$195 Million Parks Bond Goes to November 2012 Ballot

Following extensive community outreach and planning — and months of negotiations over specific projects — the San Francisco Board of Supervisors has placed the $195 million 2012 Neighborhood Parks Bond on the November ballot. That's nearly $200 million that will help repair and upgrade facilities throughout San Francisco. The bond follows others in 2000 and 2008 to maintain and rebuild a parks system that makes up 12 percent of land in the city.

So what do we get for $195 million? Quite a bit:
·     $99 million for neighborhood park improvements;
·     $34.5 million for waterfront open spaces;
·     $21 million for regional parks;
·     $15.5 million to repair failing playgrounds across the city; and
·     $12 million for a Community Opportunity Fund that leverages private funds for community-based park projects.

You can learn more about the details of the proposed bond on the Recreation and Parks Department’s website.

Following our 2011 Seeking Green report on new revenues for the Recreation and Parks Department (RPD), SPUR has been actively engaged in the bond planning process. This means more than picking which pools to repair and which wind-worn ballfields should get new sprinklers. We also learned a lot about how the department is working to improve project delivery. That can mean anything from how long it takes to design a project to how long it takes to conduct community outreach to how the city solicits bids for specific projects. Most importantly, perhaps, is how all of these pieces fit together to determine what these projects will ultimately cost San Francisco taxpayers.

It’s obvious to many that our parks need regular maintenance and funding to keep them clean and accessible. What might not be as obvious is just how much money — and how many people — it actually takes to keep up our parks. This is why we undertook the Seeking Green report to examine the needs of RPD. What we found is that RPD faces similar challenges to Muni: There is a pronounced difference between funding capital improvements and funding ongoing operations. Operations have simply not been a funding priority of our elected officials, and as a result RPD has been driven to pursue additional funding in the form of concessions and services.

There have been many questions — both in public discussions and in our own parks revenue task force — about the ongoing operating challenges facing the department and the city. It does not makes sense to spend money improving buildings or restoring parks if we can’t afford to open those buildings or operate those parks. There needs to be a sustained commitment to operations to support any capital program.

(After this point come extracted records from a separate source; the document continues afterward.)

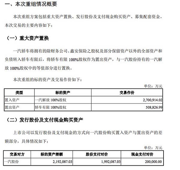 而早于今年4月11日,一汽轿车曾发布公告,称一汽轿车以拥有的除财务公司、鑫安保险股权及部分保留资产以外的全部资产和负债作为置出资产,与一汽股份持有的实施部分资产调整后一汽解放100%股权中的等值部分进行置换,公司拟以发行股份和可转换债券、支付现金的方式向一汽股份支付置入资产与置出资产的差额部分。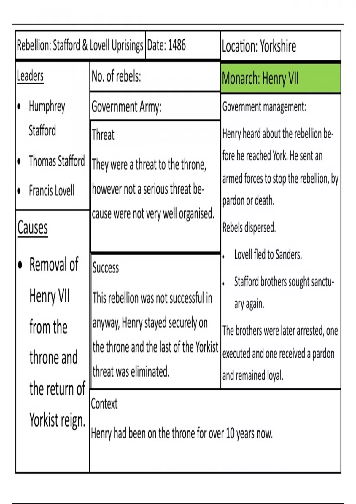 Rebellion: Stafford & Lovell Uprisings Date: 1486 Location: Yorkshire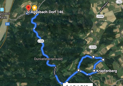 | 30. Juni 2020 Krapfenberg im Dunkelsteinerwald... liegt im Dunkelsteinerwald, ganz in der Nähe; ist aber eine kleine Abendrunde wert ;-) Route: Von Aggsbach Dorf entlang dem Wolfsbach nach Kochholz und zur Abzweigung nach Lottersberg. Kurz bei einer Steigung von etwa 20 % zur Abzweigung nach Krapfenberg und jetzt relativ gemütlich in den Ort hinauf.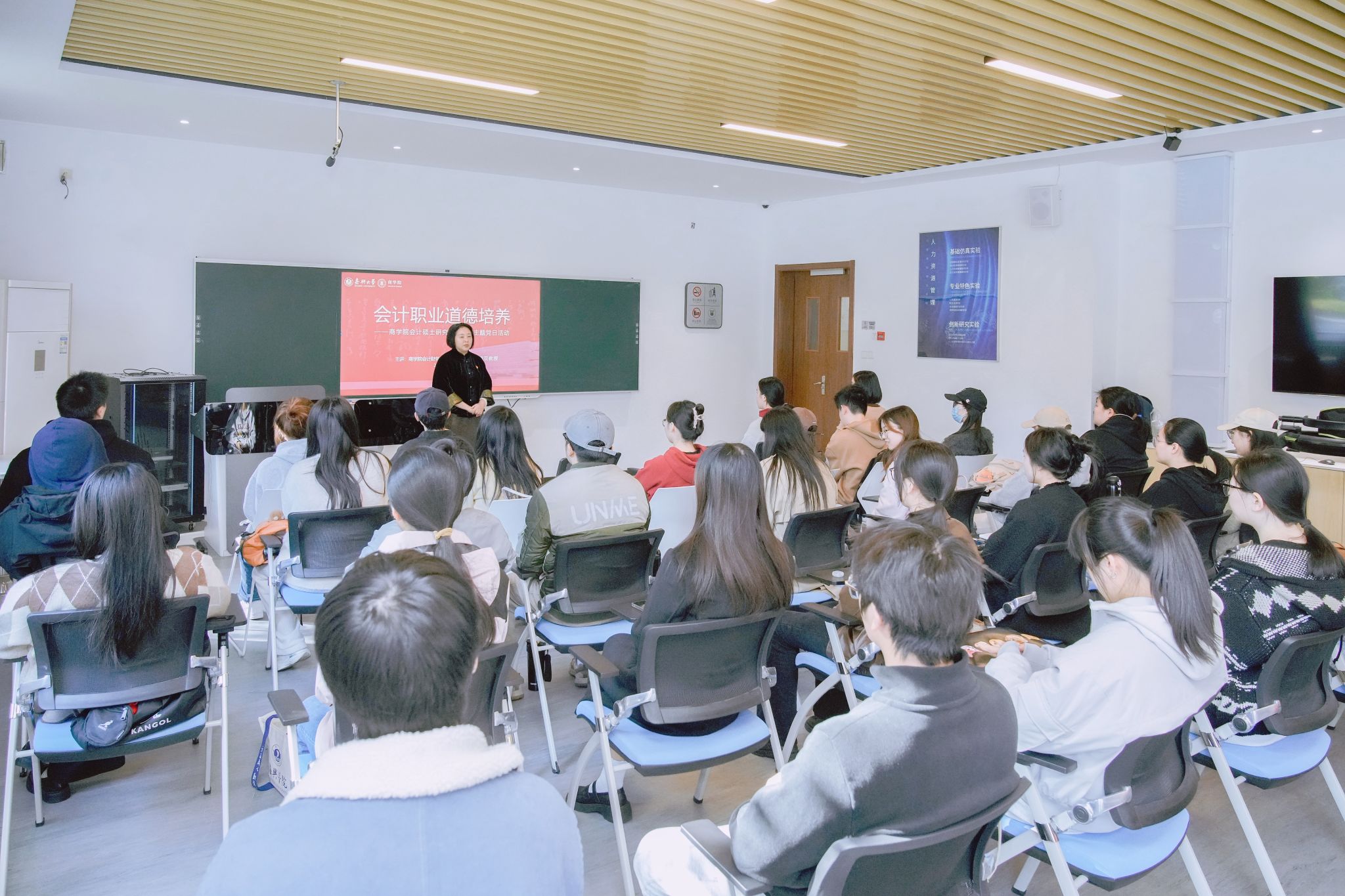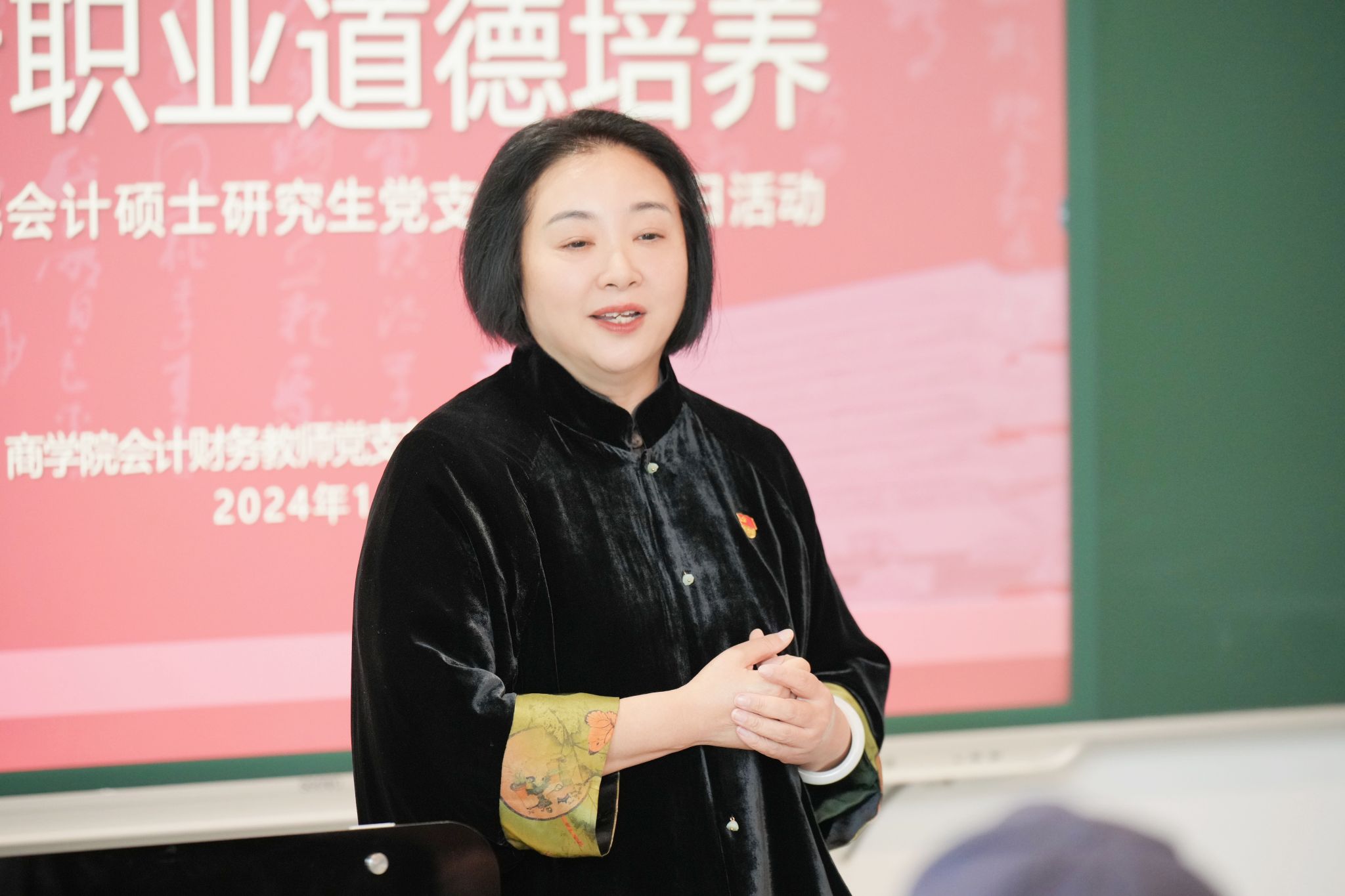 活动邀请到百家乐赔率 MPAcc教育中心主任、百家乐赔率 会计财务教师党支部书记潘煜双教授主讲“会计职业道德培养”党课。潘煜双以会计职业道德的重要性为题,结合当前经济形势和会计行业的发展趋势,分享了会计职业道德教育在课程体系中的新建设,强调了会计职业道德在维护市场经济秩序、保障企业健康发展中的重要作用。潘煜双还指出作为会计专业的学生党员,应当在“做人做事”上起到党员先锋模范作用,一辈子都需修炼职业道德,要敬畏法律,将高标准变成一种习惯,她希望大家能够严于律己,提高觉悟,规避风险。

The challenge is a common one: voter-approved bond programs can only address capital needs; it is the mayor and Board of Supervisors who allocate annual operating funds. And while the two types of funding would be best considered together — for example, improving the efficiency of sprinkler systems can improve water efficiency and lower operating costs — that is unfortunately not how it works. The same is true for Muni: There are different pots of money available for building train tracks versus operating those trains on a daily basis.

The bottom line is that this parks bond must be considered as only one component of a very complex funding equation. As we recommended in Seeking Green, it is imperative that the department seek dedicated funding for operations to maintain the improvements completed through this bond program. In fact, our hope has been that the operating deficit would be addressed first. The city’s first biannual budget, signed by the mayor this week, inches this conversation forward with additional funding to meet RPD operating needs. But we hope the real conversation — a sustained commitment of the city’s general fund — will follow soon.